## Work task
Please give the lines below again exactly as they stand, from the one that contains "SKAT PoE-8E-1G-1S v.2" up to and including the one that contains "40代になると身体に色々な変", leaving all pictures out.

## Given entries
──────

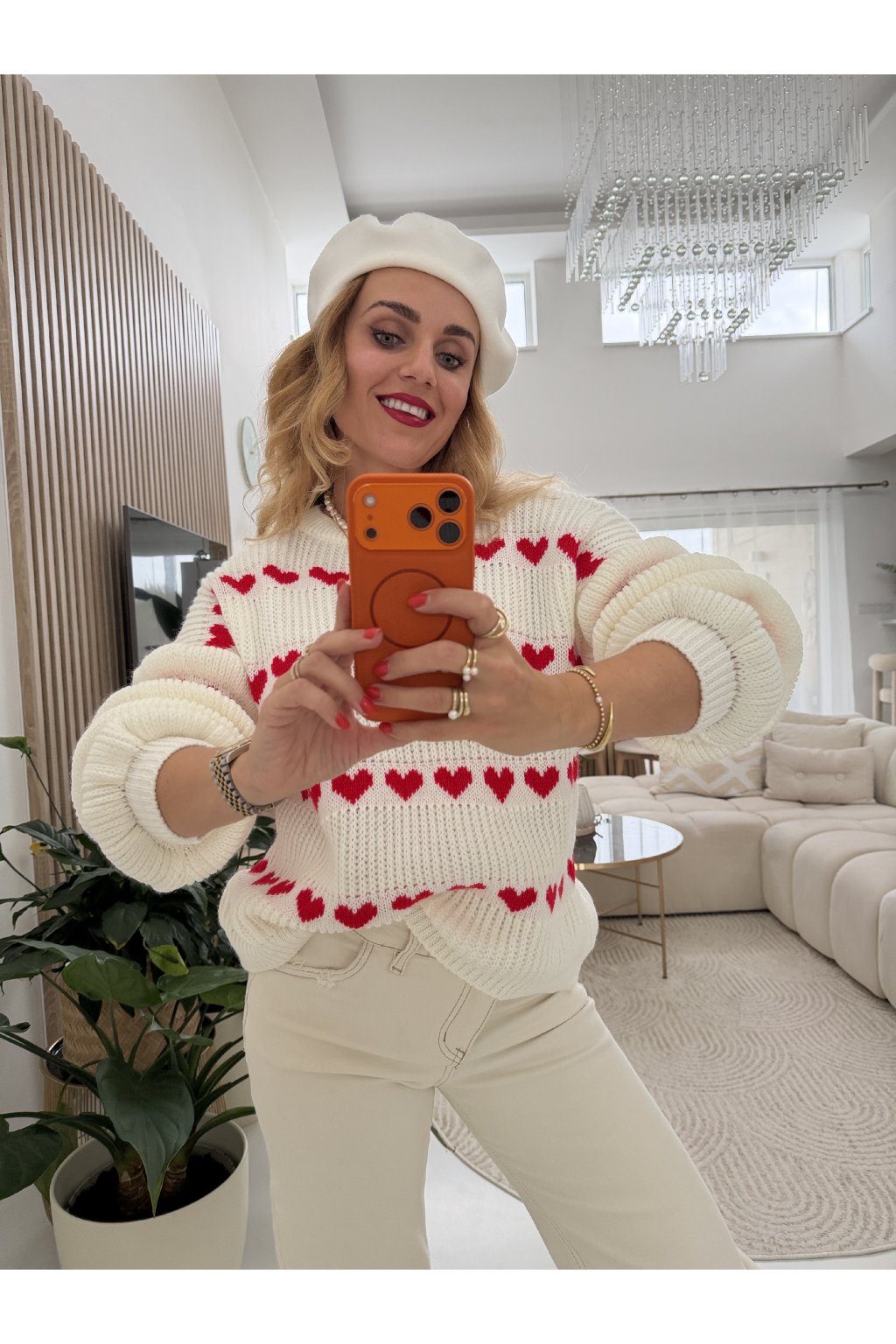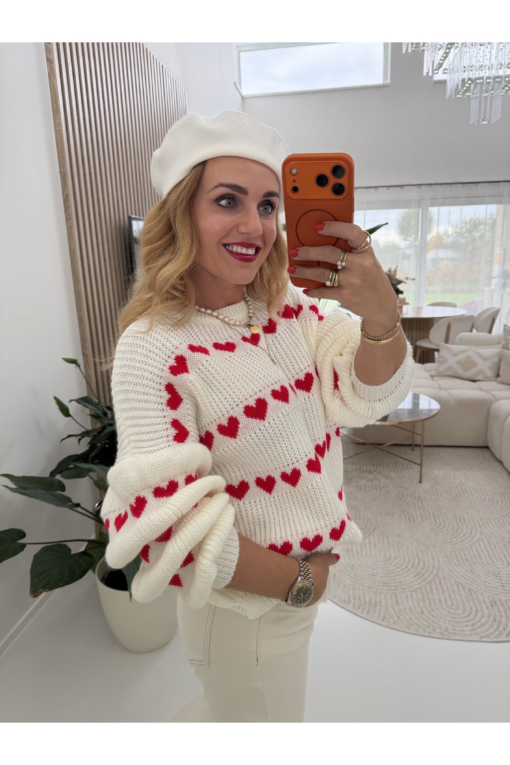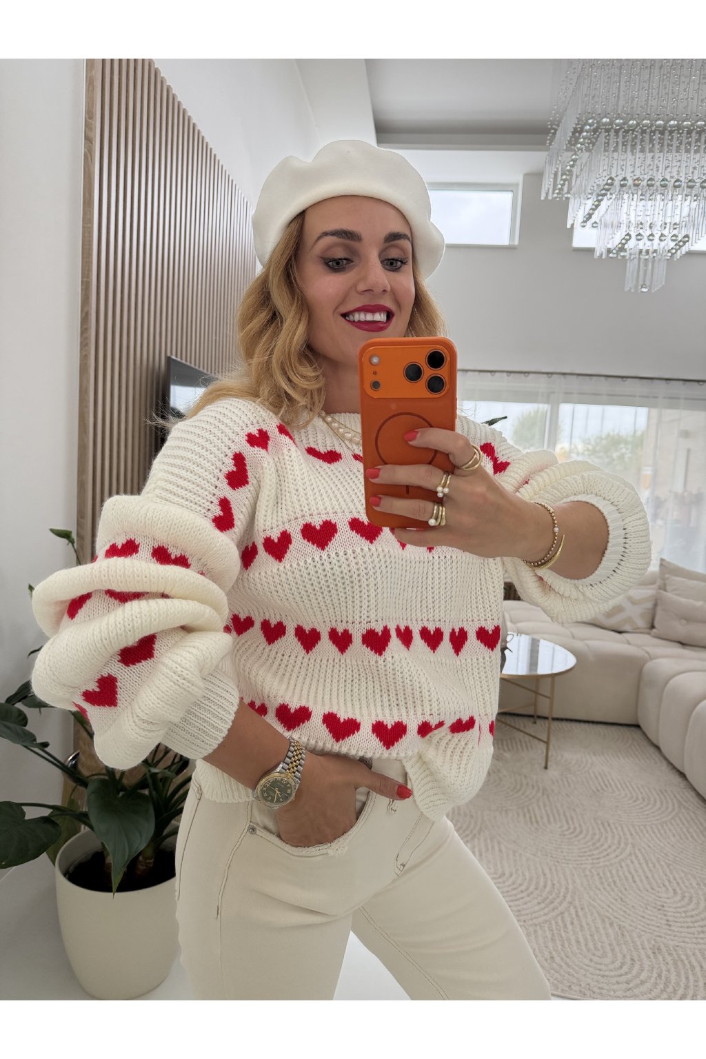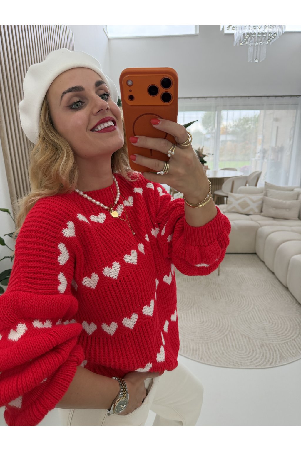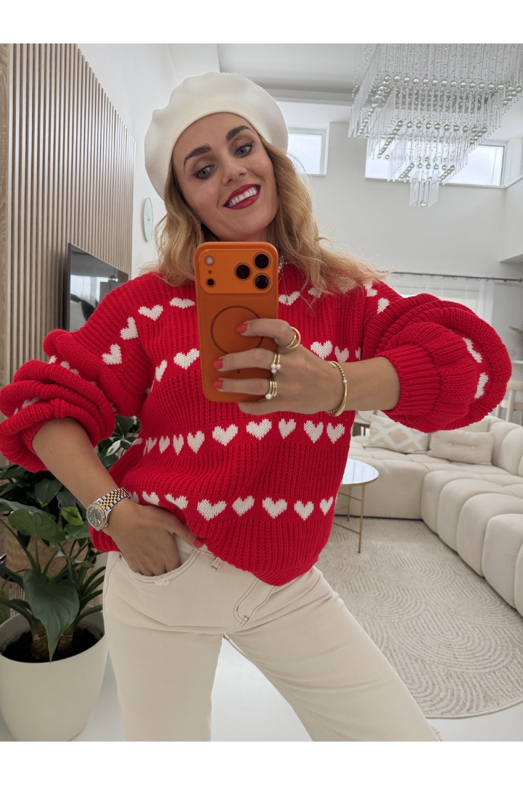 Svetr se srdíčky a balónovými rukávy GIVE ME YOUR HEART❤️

──────

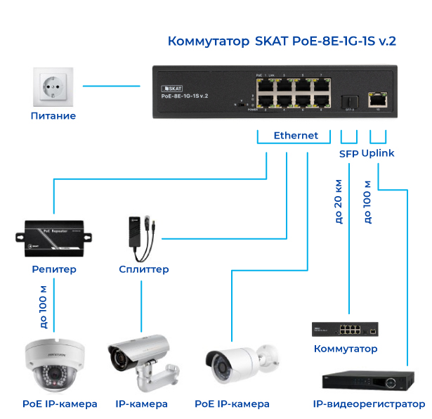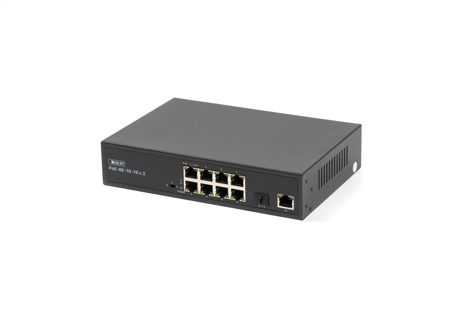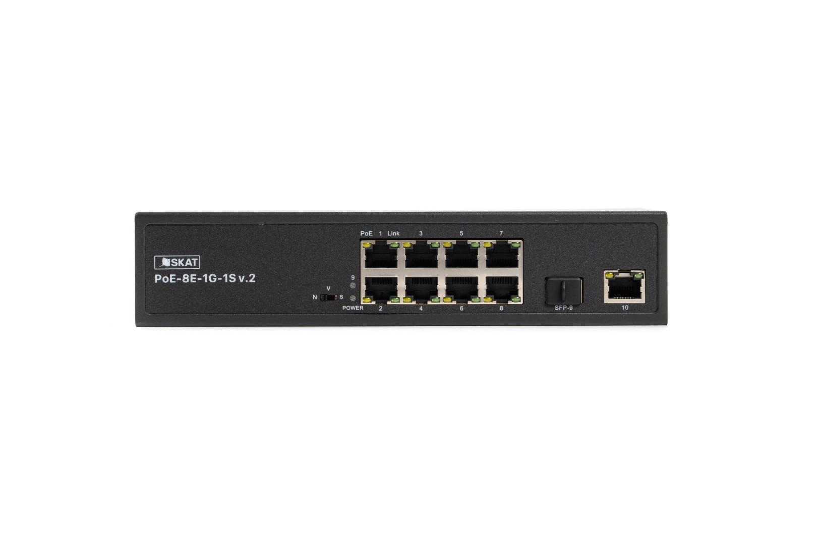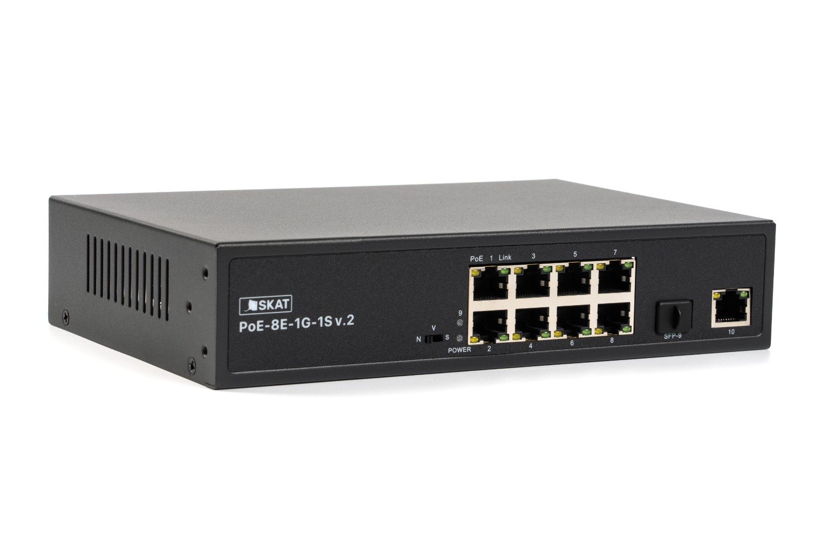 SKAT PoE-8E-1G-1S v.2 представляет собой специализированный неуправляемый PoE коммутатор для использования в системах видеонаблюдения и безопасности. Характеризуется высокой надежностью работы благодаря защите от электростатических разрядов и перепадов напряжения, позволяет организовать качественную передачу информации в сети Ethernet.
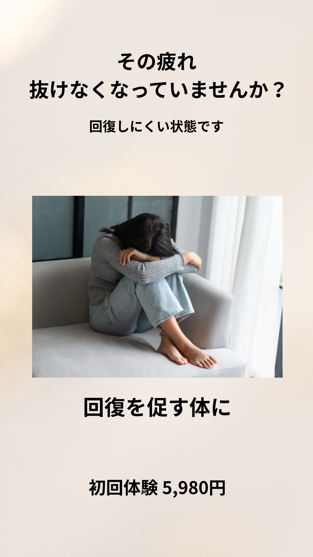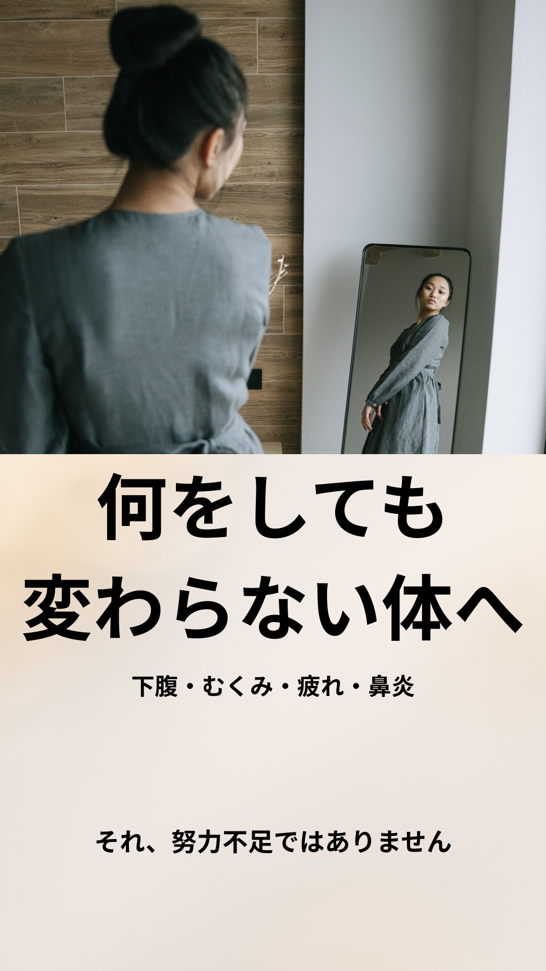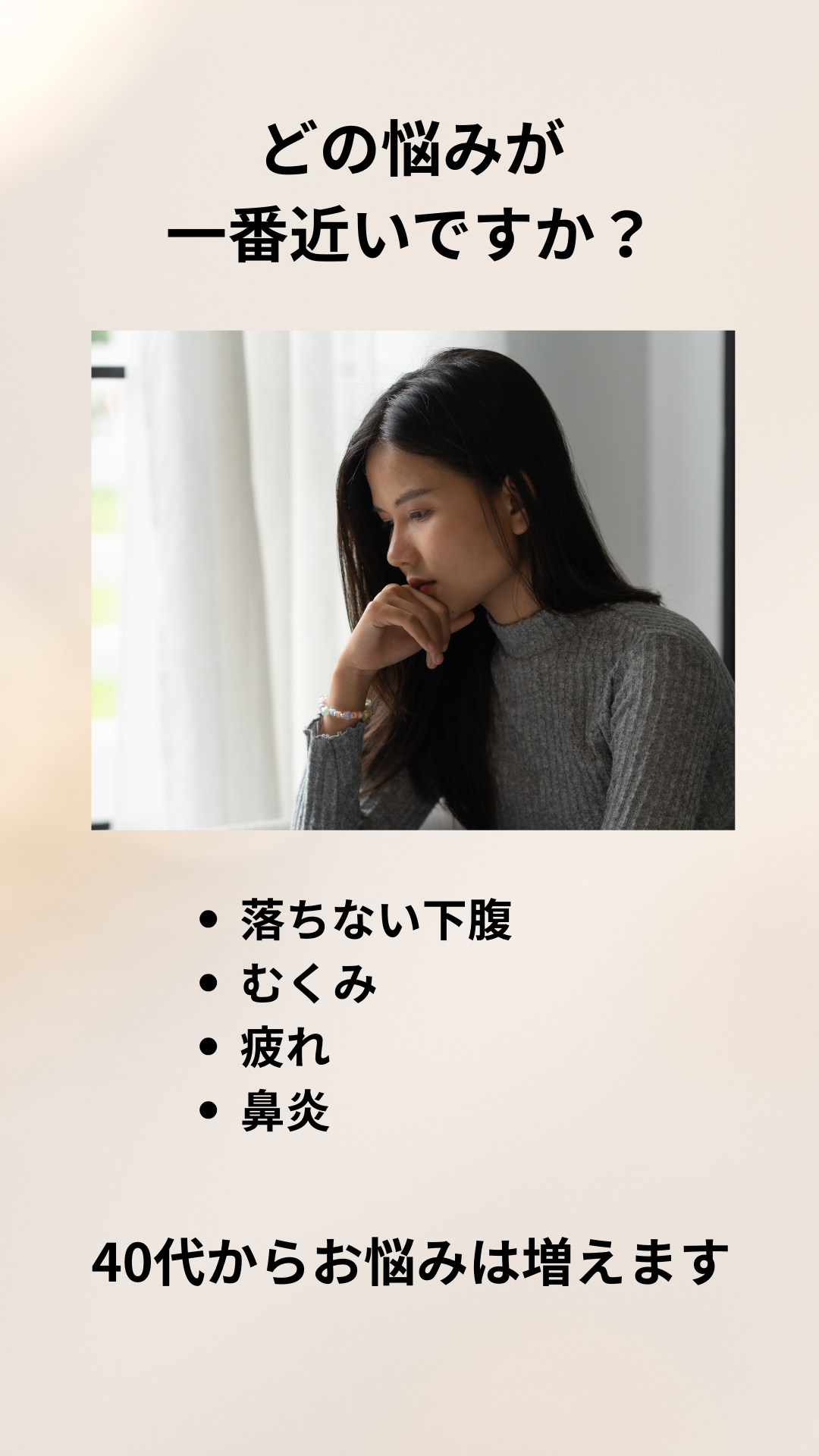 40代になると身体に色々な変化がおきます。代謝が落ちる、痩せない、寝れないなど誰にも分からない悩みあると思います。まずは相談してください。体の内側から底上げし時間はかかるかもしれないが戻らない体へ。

──────

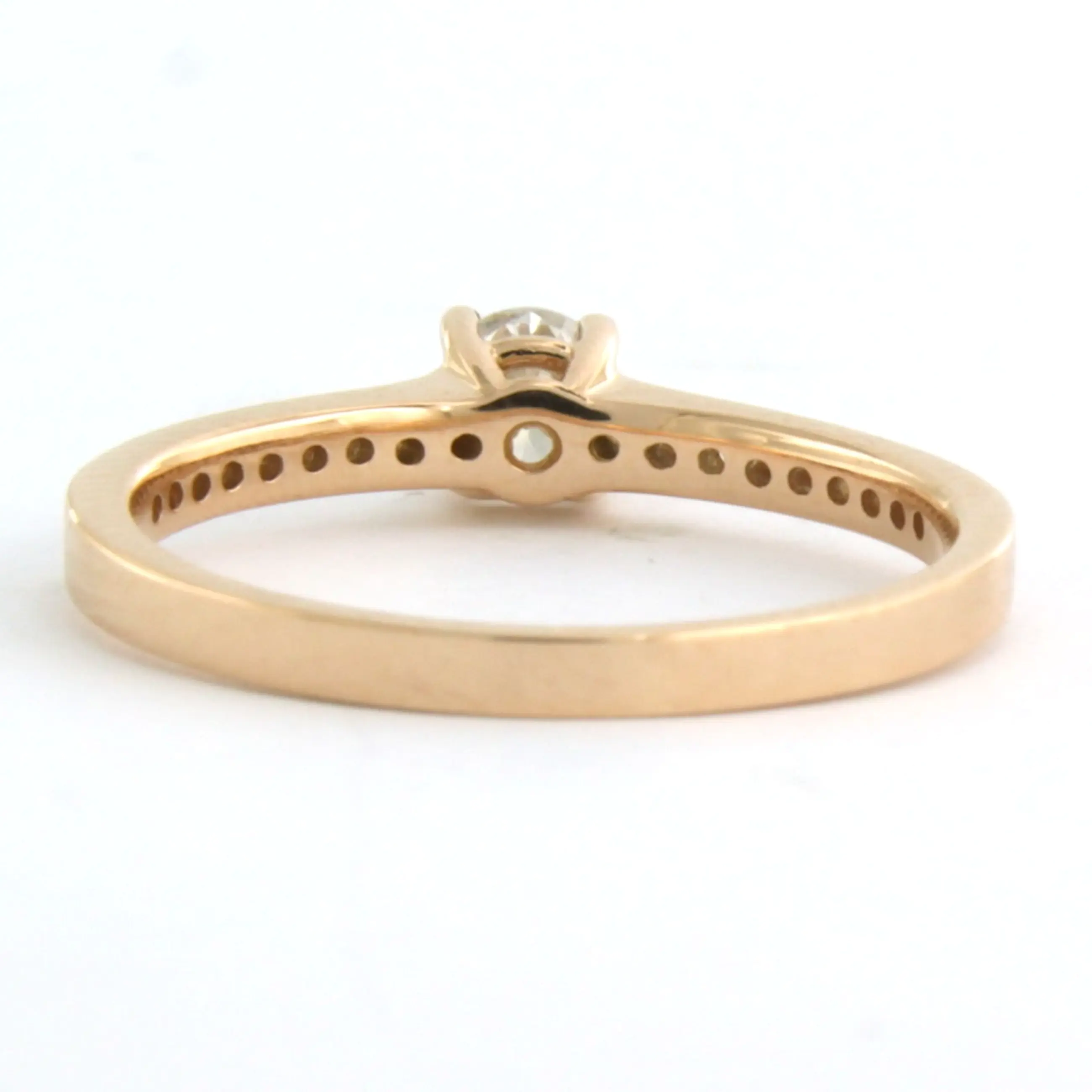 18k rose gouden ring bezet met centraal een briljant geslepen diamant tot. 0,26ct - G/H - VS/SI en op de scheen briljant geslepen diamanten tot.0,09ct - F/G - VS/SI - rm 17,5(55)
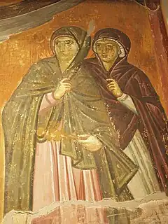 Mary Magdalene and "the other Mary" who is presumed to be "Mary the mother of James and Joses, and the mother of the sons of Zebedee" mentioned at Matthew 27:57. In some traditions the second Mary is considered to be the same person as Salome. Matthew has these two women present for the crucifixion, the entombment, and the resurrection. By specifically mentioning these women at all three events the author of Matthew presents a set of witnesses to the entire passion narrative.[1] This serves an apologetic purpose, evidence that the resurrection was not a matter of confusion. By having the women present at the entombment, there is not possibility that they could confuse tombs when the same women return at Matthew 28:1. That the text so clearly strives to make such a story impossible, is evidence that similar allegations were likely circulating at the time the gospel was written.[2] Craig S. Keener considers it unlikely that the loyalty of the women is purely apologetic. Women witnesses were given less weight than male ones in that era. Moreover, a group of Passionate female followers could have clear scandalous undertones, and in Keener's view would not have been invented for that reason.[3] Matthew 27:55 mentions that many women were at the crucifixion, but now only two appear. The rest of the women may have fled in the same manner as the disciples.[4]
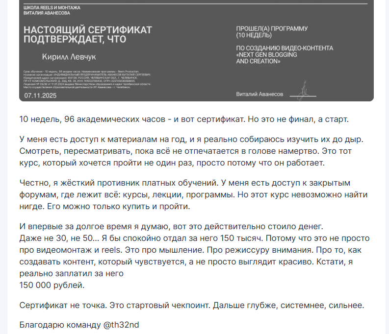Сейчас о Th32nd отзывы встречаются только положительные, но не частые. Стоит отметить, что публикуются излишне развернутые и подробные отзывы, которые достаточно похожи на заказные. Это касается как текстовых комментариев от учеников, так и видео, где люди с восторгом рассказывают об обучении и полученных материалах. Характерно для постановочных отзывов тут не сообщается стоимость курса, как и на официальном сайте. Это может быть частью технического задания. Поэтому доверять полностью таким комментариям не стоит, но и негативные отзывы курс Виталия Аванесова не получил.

──────

## Exercise output
 SKAT PoE-8E-1G-1S v.2 представляет собой специализированный неуправляемый PoE коммутатор для использования в системах видеонаблюдения и безопасности. Характеризуется высокой надежностью работы благодаря защите от электростатических разрядов и перепадов напряжения, позволяет организовать качественную передачу информации в сети Ethernet.
 40代になると身体に色々な変化がおきます。代謝が落ちる、痩せない、寝れないなど誰にも分からない悩みあると思います。まずは相談してください。体の内側から底上げし時間はかかるかもしれないが戻らない体へ。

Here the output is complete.